The six pieces are interconnected together by the character of the ‘Writer’ (Anton Chekhov played by Salim Ghouse) who takes the audience through his life journey, asking what he wished to do as a child. The answer is provided at the end, again after a question thrown to the audience. The Writer, through his interaction, makes the audience a very integral part of the play; a very amusing experience. In the Seduction piece, at the most pregnant moment of the story, when the character is to make a scripted choice of either walking back or carrying forward, he actually turns to the audience for their prompt (again scripted? but then how do we know!), and then makes his choice. A very cleverly plotted play this is.

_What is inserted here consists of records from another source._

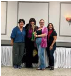
Best Baked Good: Parkhurst - Chocolate Covered Cherry Cheesecake
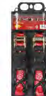
PART #: JTPH042 1" X 15' RATCHET TIE DOWN Break strength: 1,500 LBS Working Load Limit: 500 LBS Hook: Heat treated & vinyl coated S hooks
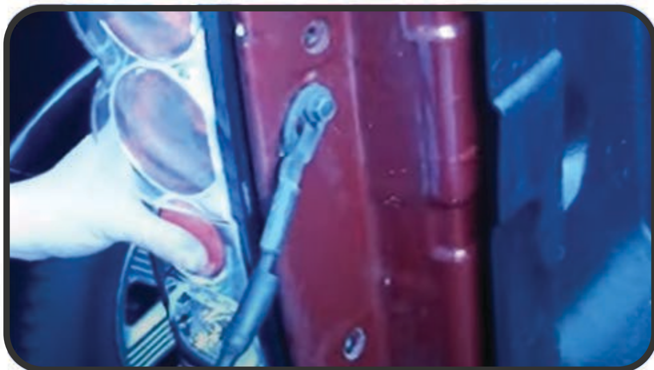
STEP 8: INSTALL (2) 10MM BOLTS
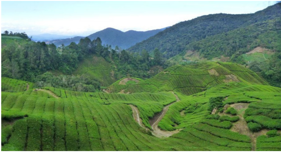
CAMERON HIGHLANDS - MALAYSIA
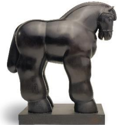
FERNANDO BOTERO Horse bronze 38 ¾ x 37 x 20 in Price Realized: $591,000
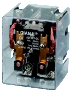
JQX-62F 2Z 80A
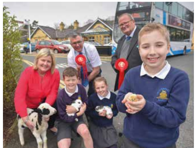
Translink supports the Balmoral Show

Events are a key economic driver and as such we have worked closely with event organisers to provide bus and train options which have ensured their successful delivery and helped build NI's reputation as a stand out location for great events. Highlights have included Belfast Vital, Culture Night, key football, rugby and GAA matches and Balmoral Show.
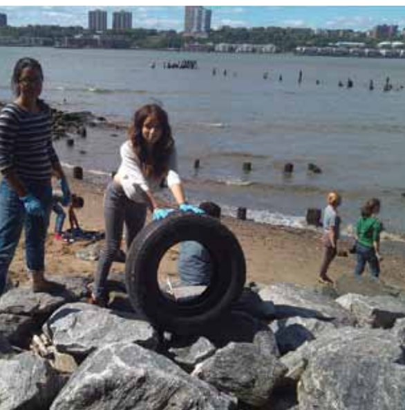
For International Coastal Cleanup Day, over 250 volunteers remove everything from tires to shopping carts from the Hudson River coast.

Regular volunteers also assist the Conservancy in responding to park emergencies. In 2011, volunteers were on hand to help after Hurricane Irene. Riverside Park's trees were devastated. Physical damage caused by falling trees and limbs was extensive. Hurricane Irene was the fourth destructive storm to hit the park in three years time.
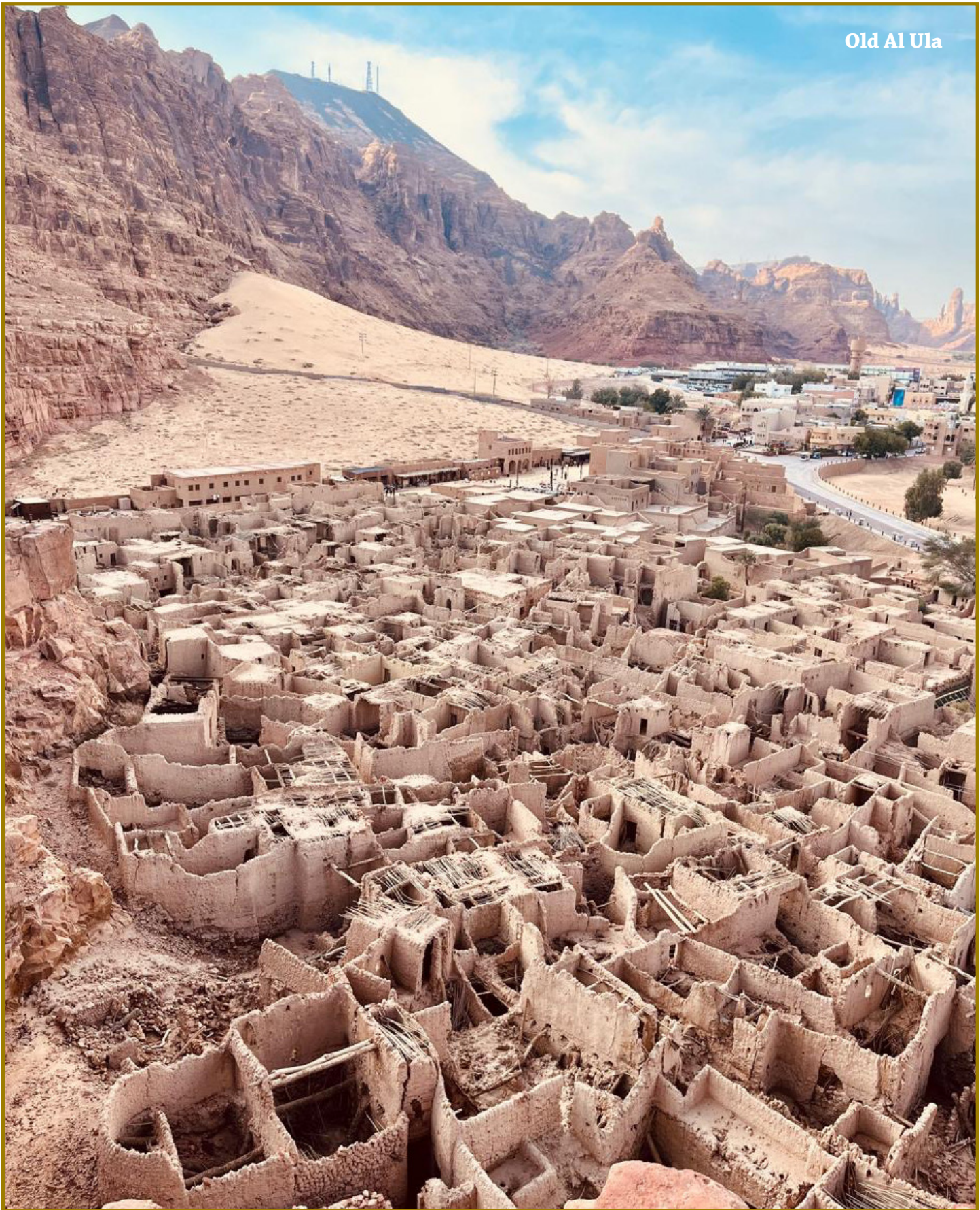
Old Al Ula
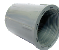
Concrete Housing for UL-P50 Light
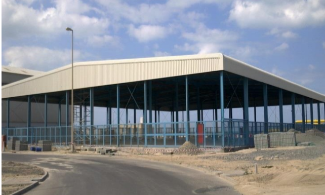
Chemical Warehouse for DEWA at Jebel Ali Power Plant, E Station
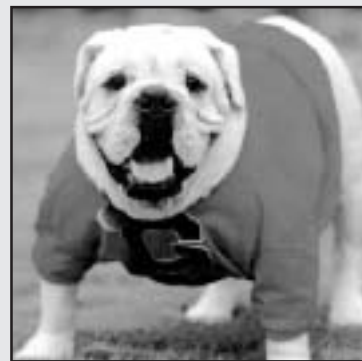
Uga the Dog Mascot

"I like to take her romping in the mud. OINK!"
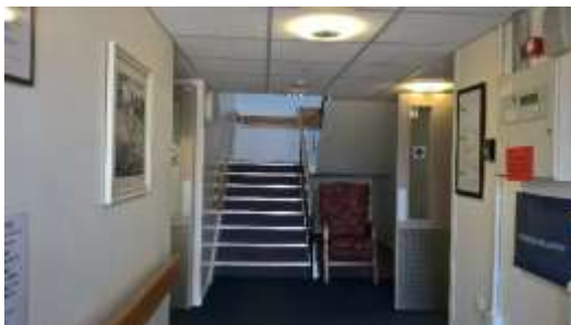
Gladys Plumey Gardens

The direction is faultless as the stories retain their focus, and the audience is kept on the toes throughout. The sets are minimal, some chairs and boxes, and a bed which was not required. The dresses bring out the Russian setting. Among the performers, KC Shankar easily brings out the laughs, though his actions are somewhat jerky. Anita Salim speaks her lines in a style which is her own. Garima Arora (in The Defenceless Woman) makes large movements, but delivers the required intensity. The 30+ generation will fondly remember Salim Ghouse, a multi-faceted personality, from his ‘Subaha’ teleserial days, and he doesn’t really have to make any effort to act; just talk and deliver the lines, and the rest gets done.

The play leaves the audience spellbound, and the amount of clapping heard after the performance was loud, clear and unstoppable. The stories awaken and bring out the compassion and love that lies in each one of us. A not-to-be-missed play.